CanaDAM 2017
Ryerson University, June 12 - 16, 2017 canadam.math.ca/2017
       

Computational Complexity
[PDF]

BUNDIT LAEKHANUKIT, Weizmann Institute of Science
Geometric Representation of Graphs and Its Application to the Complexity of the Closest Pair Problem  [PDF]

Every graph $G$ can be represented by a collection of equi-radius spheres in a $d$-dimensional metric $\Delta$ such that there is an edge $uv$ in $G$ if and only if the spheres corresponding to $u$ and $v$ intersect. The smallest integer $d$ such that $G$ can be represented by a collection of spheres (all of the same radius) in $\Delta$ is called the sphericity of G, and if the collection of spheres are non-overlapping, then the value $d$ is called the contact-dimension of $G$. In this talk, we present lower and upper bounds on the sphericity and contact dimensions of a complete bipartite graph $K_{n,n}$ in various $L^p$ metrics, and we show their connections to the complexity of the closest pair problem.

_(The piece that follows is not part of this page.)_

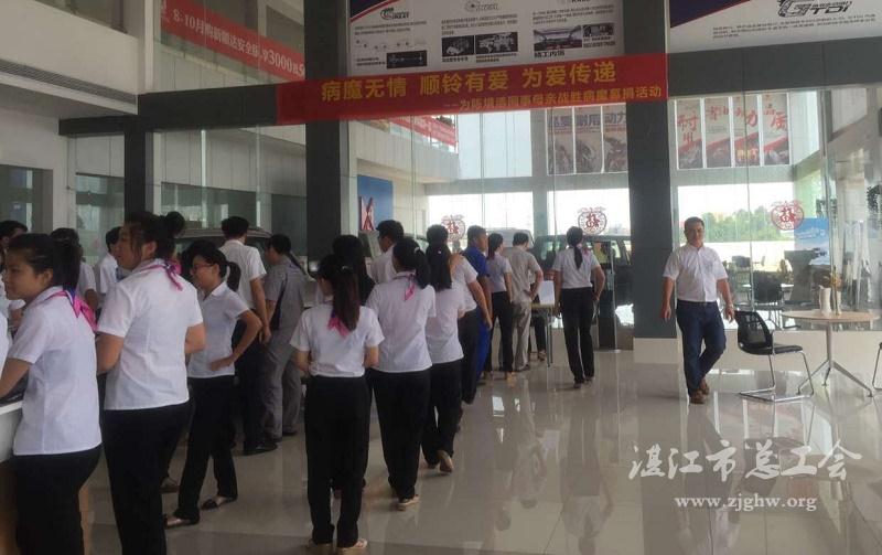 湛江市总工会网讯(图文/林丽斯 编辑/孙平)8月1日上午,湛江顺铃汽车销售服务有限公司全体员工为陈境浩的母亲捐款献爱心,共筹得捐款一万多元。

AVERY MILLER, University of Manitoba
Thick Cover-Free Sequences of Sets and the Circuit Size of Threshold Functions  [PDF]

A sequence $F$ of sets is $r$-cover-free for thickness $b$ if, for each set $S \in F$, there is no subsequence of $F$ of size $r$ whose multiset union contains the elements of $S$ at least $b$ times. In the special case of $b=1$, these correspond to $r$-cover-free families, which have been used to prove bounds for: non-adaptive group testing, the time complexity of neighbour discovery in wireless networks, and the circuit size of $(n,k)$-threshold functions. An $(n,k)$-threshold function takes $n$ binary inputs and outputs 1 if at least $k$ inputs are 1, and outputs 0 otherwise. In this talk, we will discuss results that are obtained by considering more general values for $b$. In the case of threshold functions, we are able to prove a lower bound on the size of circuits that compute $(n,k)$-threshold functions when each gate in the circuit can itself compute a simpler $(n,k')$-threshold function.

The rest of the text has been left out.